Two other of fundamental drivers of engagement emerged in a close tie for second place: Communication and trust. These also make sense given that leaders who were proactive and attempted to paint a clear, transparent picture of the future needed to ensure that message was communicated down to the lowest levels of the company, and in turn, promoted trust in the leadership team to not only support the company to survive the pandemic but to also thrive on the other side. Growth and development and recognition were found to be a close tie for the next most correlated drivers.

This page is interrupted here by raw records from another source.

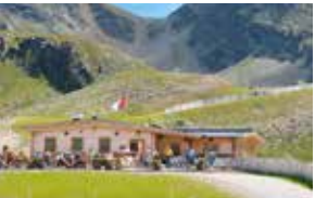
DreiSeen-Hut, Tel. +43 5239 / 52 07

Round off the intense experience of nature while hiking or biking with a hearty snack. Kühtai offers you opportunities in the village itself or on one of the huts. E.g. DreiSeen-Hut – 8 min. away from the mountain station.
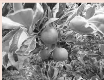
Figure 6: Citrus mitis.

Macrotyloma uniflorum: Animals were fed with experimental high-fat diets (HFD) The consumption of ethanol and water extract of experimental plant for 5 weeks caused the decrease in total cholesterol (TC), TG, LDL, VLDL, SGOT and SGPT and increase in HDL and the rat group fed with HFD has higher serum TC, TG, LDL, VLDL, SGOT, SGPT, and lower HDL. Faecal excretion of cholesterol in the
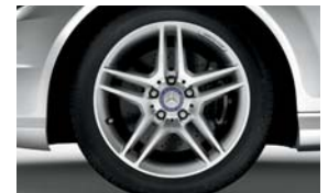
Standard 17" AMG twin 5-spoke (C 350)
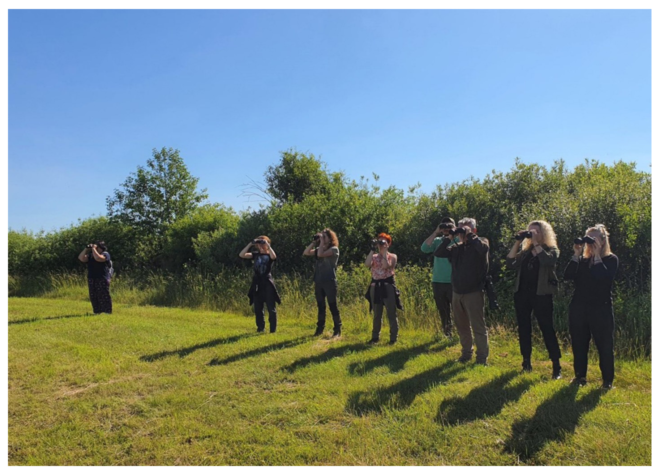
Fig. 2. Participants of the ecotherapeutic program in Biebrza River Valley (Poland) during their field workshop - therapeutic ornithology

focus on the mere recognition of bird species, but is based on mindfulness (Tryjanowski and Murawiec, 2020). Therefore, sensory perceptions, emotions, and cognitive activities accompanying observations (such as classifying, comparing) are essential. The term "bird therapy" appeared in the title of Joe Harkness's book (2020). The above approach is consistent with the one presented in the cited book. In Poland, the original monograph entitled Therapeutic Ornithology was published in 2020 (Tryjanowski and Murawiec, 2020) and became the basis for the development of this therapeutic method.
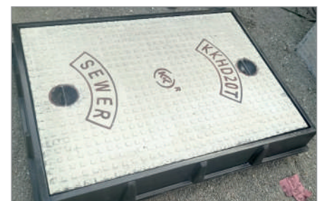
FRP Frame & Concrete Cover
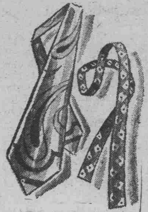
Weekwear for every occasion, for every shirt by Damon Creations and Superba Cravats.
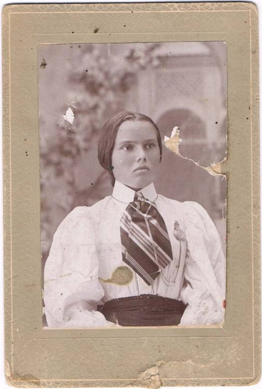
Figure 20 - Unnamed 6:
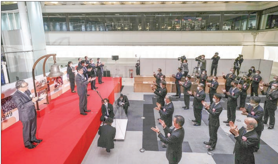
Market officials wearing masks for protection against the coronavirus make a ceremonial hand-clapping at the Tokyo Stock Exchange after the last trading session of the year on 30 December 2021.

The downside is expected to hold firm around 26,000. The Nikkei index advanced 4.9 per cent in 2021 to end at 28,791.71, a third straight year of climb but a narrower gain than the 16 per cent rise the previous year. Along with precision
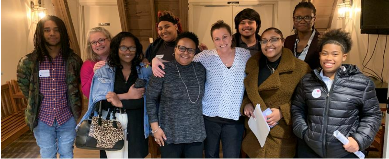
Some student and teacher participants
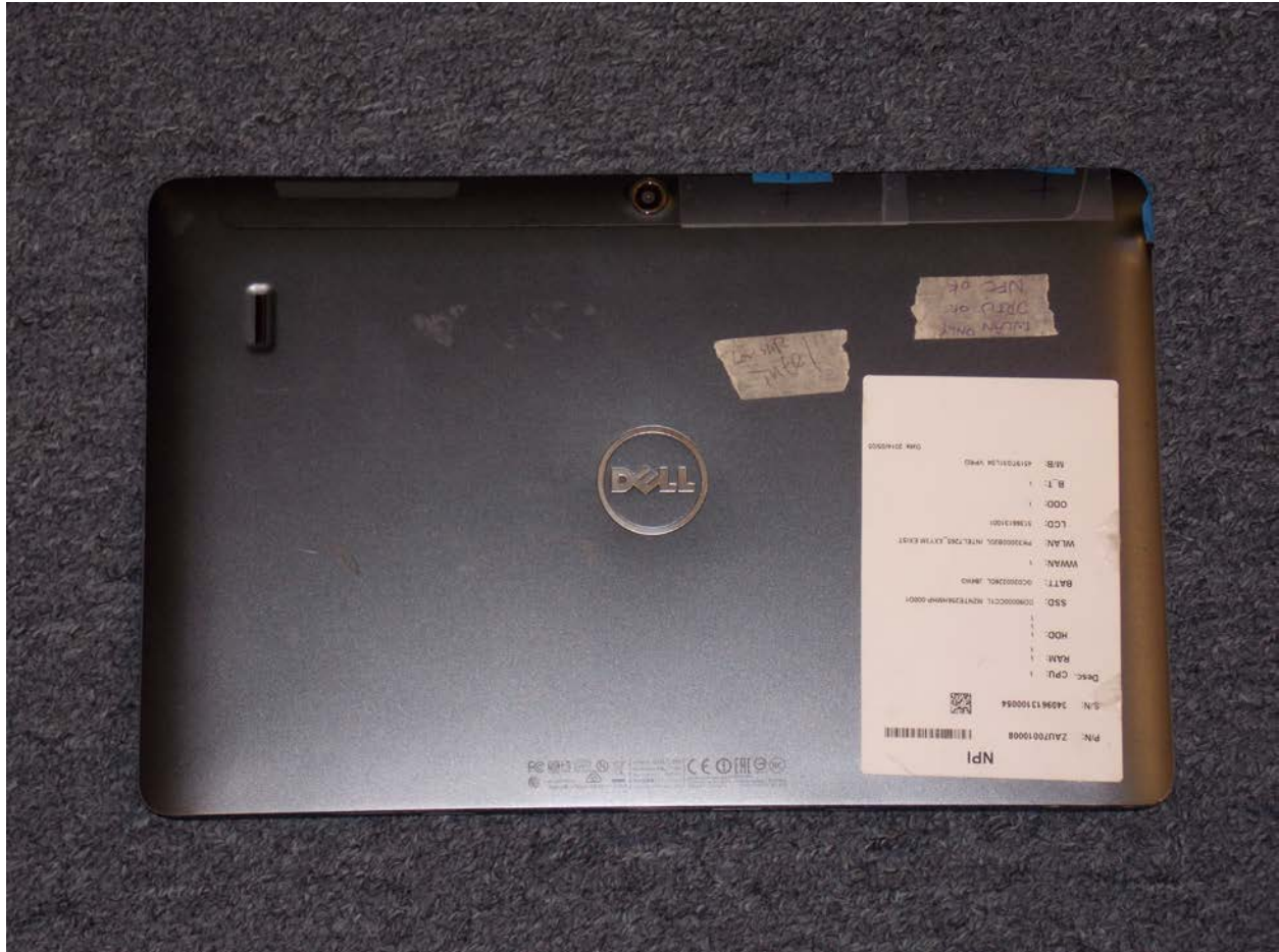
Back of Device Tablet Mode
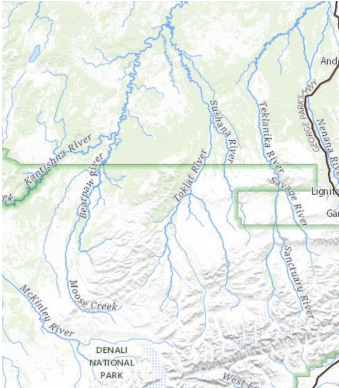
Figure 1. Toklat River from headwaters to confluence with the Kantishna River. Federal waters occur within Denali National Park (BLM 2020).
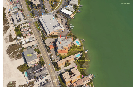
Built in 2008 - 36 units - 4 floors
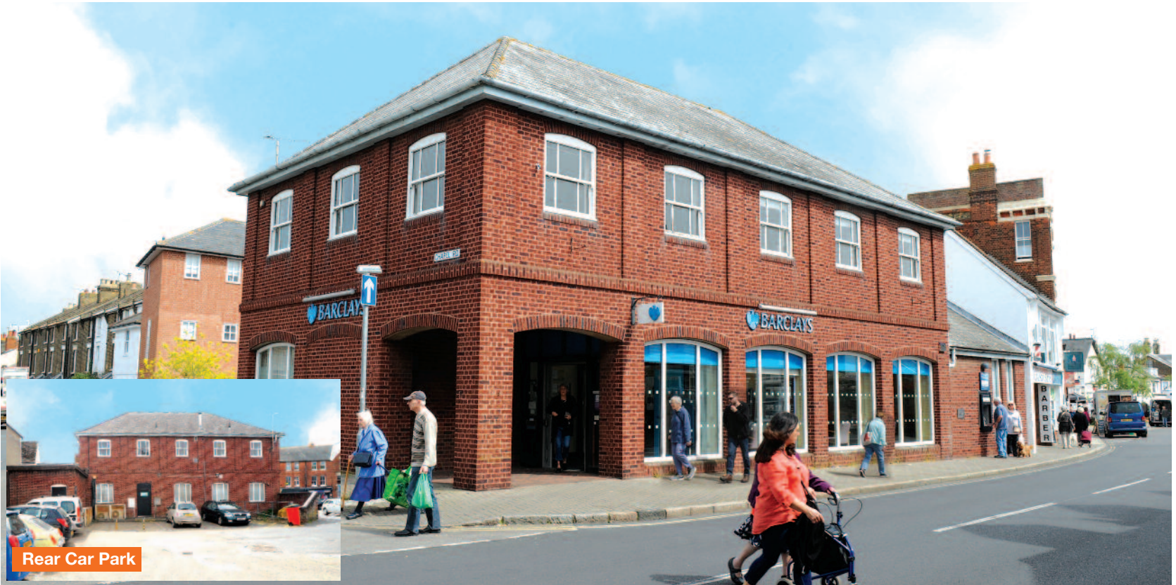
Rear Car Park
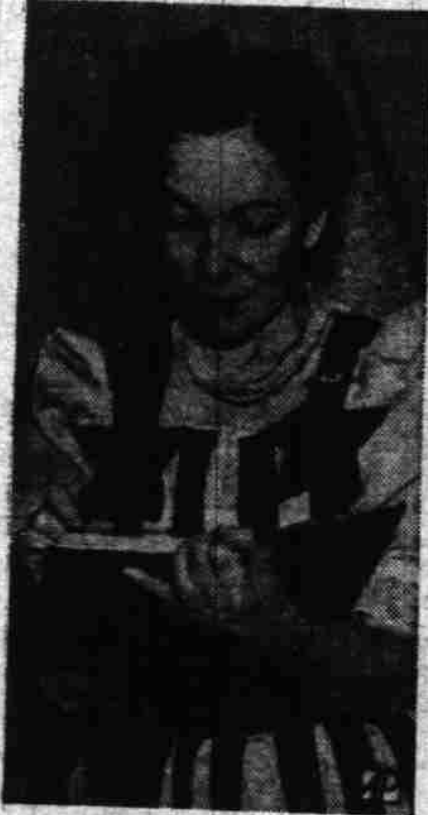
SIGNER —Actress Helen Hayes signs an autograph book in which Stage Door Canteen guest stars in New York will write their names—the book, filled with famous signatures, to be auctioned off to spur sales in the Fifth war loan drive.
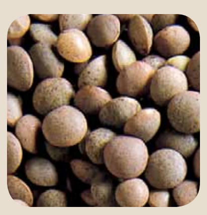
Lentils 'Pardina': speckled grey/ brown seed coat; yellow cotyledon
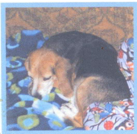
Beckham, our beloved beagle

Please contact us via text message or email :
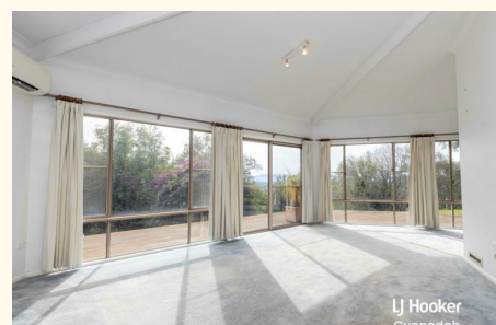
LJ Hooker Gunnedah
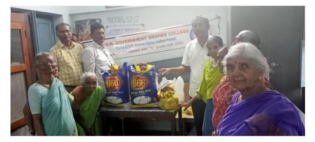
Our college staff members Visited the MAMATA Oldage Home in Gudivada and handing over the rice bags.

Overall, this initiative reflects a holistic approach to education, emphasizing not only academic excellence but also the importance of social responsibility and community service. It sets a positive example for other educational institutions and demonstrates the collective power of small acts of kindness.
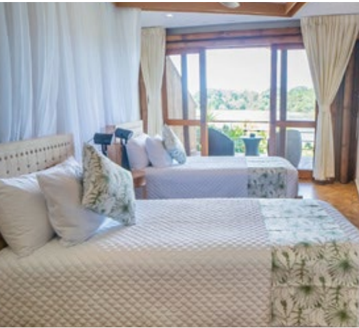
SCENIC STATEROOM 25 m2 / 269 ft2
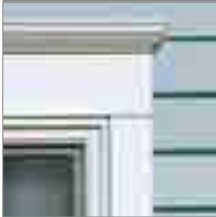
5" Lineal with Crown Molding
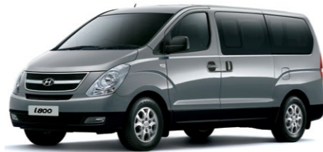
Hyper Silver - Metallic
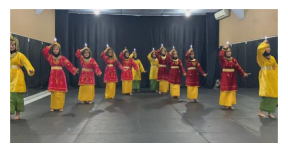
Figure 17. Dancers with lights moving overhead with a floor pattern of bamboo shoots
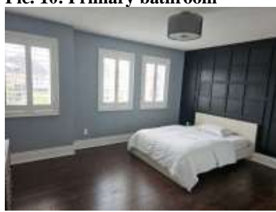
Pic. 13: Bedroom 3
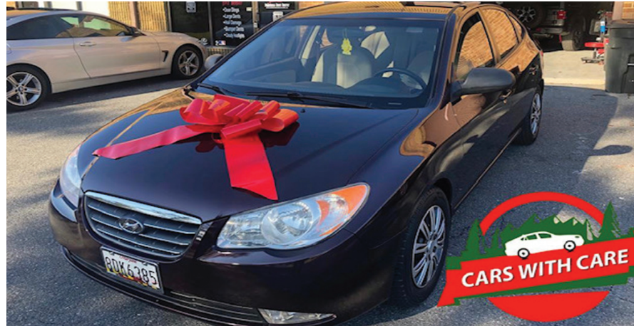
This Christmas, two used cars will be given to two families in need of transportation.

one of the gifts to be presented to a Baltimore resident, and the second to a winner from the Laurel or District of Columbia area. Entries can be submitted from Baltimore, Laurel and Washington, D.C.-based individuals. Participants must also answer questions about their vehicle needs, and share their story, as a part of the selection process. Except for one selected male recipient, previous car winners were single mothers.
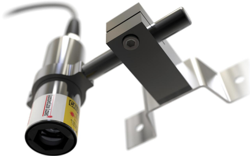
*Shown with optional SA-008 stationary bracket

If you will be connecting to a 3-9vdc source providing your own power to the unit, it can optionally be ordered with an industry standard M12 connector. Just spec M12 after your required model number when ordering. We carry 2m and 5m cordsets if required.

What this means for any organization, whether leaders have stood up to the challenge or not, is that by focusing on the mission and vision of the company and ensuring a message that is motivating to all levels of the company, it is appropriately cascaded. There is a great probability that it will positively affect employees and their willingness to help the organization succeed. There is a lot of power in clarity, such that when people know where they are going, they are more likely to get there. Some leaders can make this feel real, and they can add color and vividness bringing employees along on the journey ahead. Most of all, employees want to know how it involves them. This completes the vision and ties everyone and their jobs back to the big picture for where the organization is aiming to launch.
For any leader struggling to create that motivating future vision, first, begin by asking:
While we will be expanding on this research as more data becomes available, the current conclusion is that organizations who had leadership at the helm, who were proactive rather than reactive, have been given credit by their employees for their efforts in being transparent, caring, and doing what they can to make sure employees and their families were as safe as possible. Even if leaders have yet to attempt to create some clarity in this time of uncertainty, it is not too late. Employees — now more than ever — want to know that the future looks bright for their company and that they are an integral part to help the company win. Leaders who are willing to listen to their employees in tough times and act on what they hear are essential to all of us coming out of this crisis stronger.